Поэтому я взобралась на гараж и разговариваю с дедом через печную трубу. Дед, конечно же, не догадывается, что это я, он абсолютно уверен, что говорит с самым настоящим чудовищем.

– Дед, я страшное чудовище! Сильно прям страшное! Ты меня боишься?

– Ой, боюсь-боюсь!

– Молодец!.. Ты смеешься там, что ли? Дед!

– Нет, я плачу. От страха. Не ешь меня, пожалуйста!

И тут же тяжелая волна жалости накрывает меня. Я представляю себе, как он, мой любимый дед, сидит там, в ужасе забившись в угол на дне ремонтной ямы. Вокруг темно, воняет бензином, а сверху, от самой двери надвигается на него чудовище, которое вот-вот сожрет его… И я бегу по крыше, спускаюсь, обдирая коленки о кирпичи и старый забор, врываюсь в гараж и бросаюсь на шею деду. И уже совершенно забыв о том, что чудовище – это я и есть, реву от страха и неумолимости надвигающегося конца, целую бесконечно.

– Если оно тебя съест, как же я? Как же я буду тут одна?

И дед, растроганный и умиленный, смеется своим невероятно заразительным смехом.


Всю дорогу домой мы с мамой молчим. Уже у калитки она поднимает голову:

– Он тебя узнал?

Я не хочу рассказывать, что мне сейчас четыре. Мама борется. Возвратившись домой, снова и снова штудирует многочисленные справочники по медицине, чтобы завтра снова попытаться. Должно быть средство. Если даже рак лечат, если младенцев спасают от воспаления легких и, говорят, даже от СПИДа лекарство нашлось. Должен быть способ. Я тоже хочу, чтобы он был.
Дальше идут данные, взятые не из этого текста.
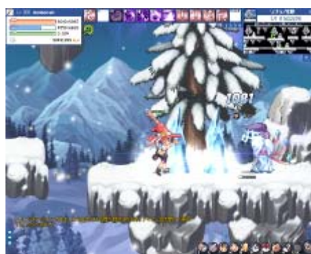
多種多様なスキル

Поэтому просто киваю.

На следующее утро бабушка рассказывает, что он порывался встать. Говорил, что опаздывает на работу и его непременно уволят, если он сейчас же не пойдет. От попыток подняться подскочило давление. Пришлось сказать ему, что он на больничном, его в очередной раз завалило на шахте. Только тогда успокоился.
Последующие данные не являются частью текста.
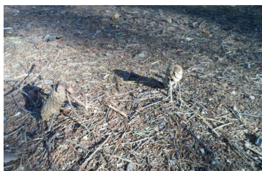
Kuva 5 Käpylehmiä, rasti 7.

-Tavoite: Vuorovaikutus, toinen parista voi opettaa toiselle, miten käpylehmä tehdään.
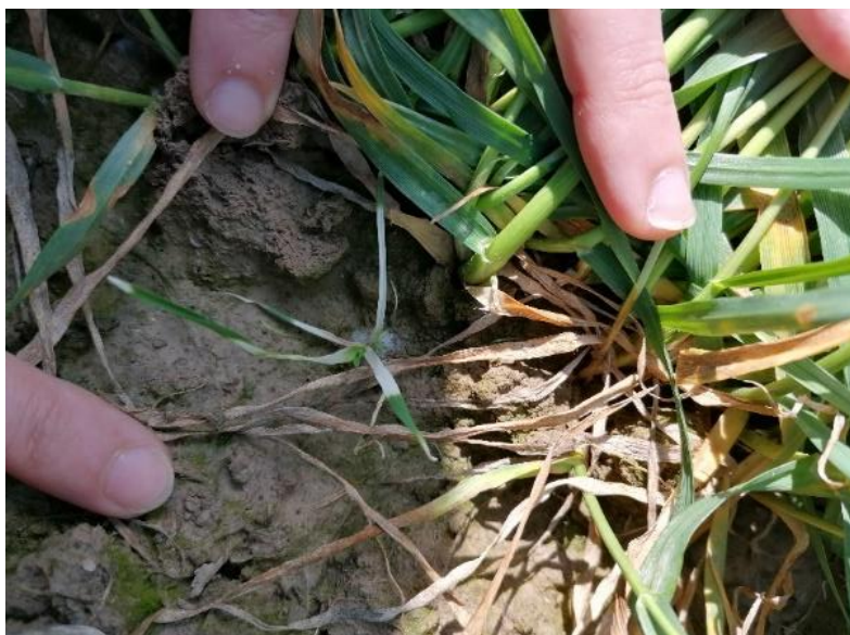
Slika 4. Poa annua L. – livadna vlasnjača

Poa annua L. – livadna vlasnjača (slika 4.) je jednogodišnja do dvogodišnja biljka busenasto razgranjena a naraste od 20 do 30 cm. Vlasi su gole, okrugle a plojke su bez sjaja, mekane s dvotračnom brazdom i čunjasto složenim vrhovima. Rukavci su goli i stisnuti, a ogrljak je dug do 4 mm i bijel. Metlica je piramidalna s malenim klasićima koji se sastoje od tri cvijeta. Pšeno je sa strane stisnuto s uskom leđnom brazdom. Sjemenke klijaju skoro cijele godine. Česta je vrsta na ruderalnim staništima, oranicama i u usjevima. Dobra je svježa krma, upotrebljava se u hortikulturi a pelud može izazvati alergije (Knežević, 2006.).

Если мне четыре, то бабушки я побаиваюсь. Она олицетворяет собой злой рок, ворчит и заставляет меня делать вещи совершенно бессмысленные. Например, спать днем. Никто не спит днем: ни сама бабушка, ни дед, даже страшный цепной пес Тобик не спит. Вон, лает. А Женя должна. Причем не на своем месте, а на бабушкином диване, застеленном старым плюшевым покрывалом болотного цвета. Покрывало колется даже через простыню, бабушка полет грядки и постоянно заглядывает в окно, чтобы проверить, сплю ли я. Конечно я не сплю. Я сражаюсь с покрывалом, стараясь сбить простыню так, чтобы кололось поменьше. Но это можно пережить.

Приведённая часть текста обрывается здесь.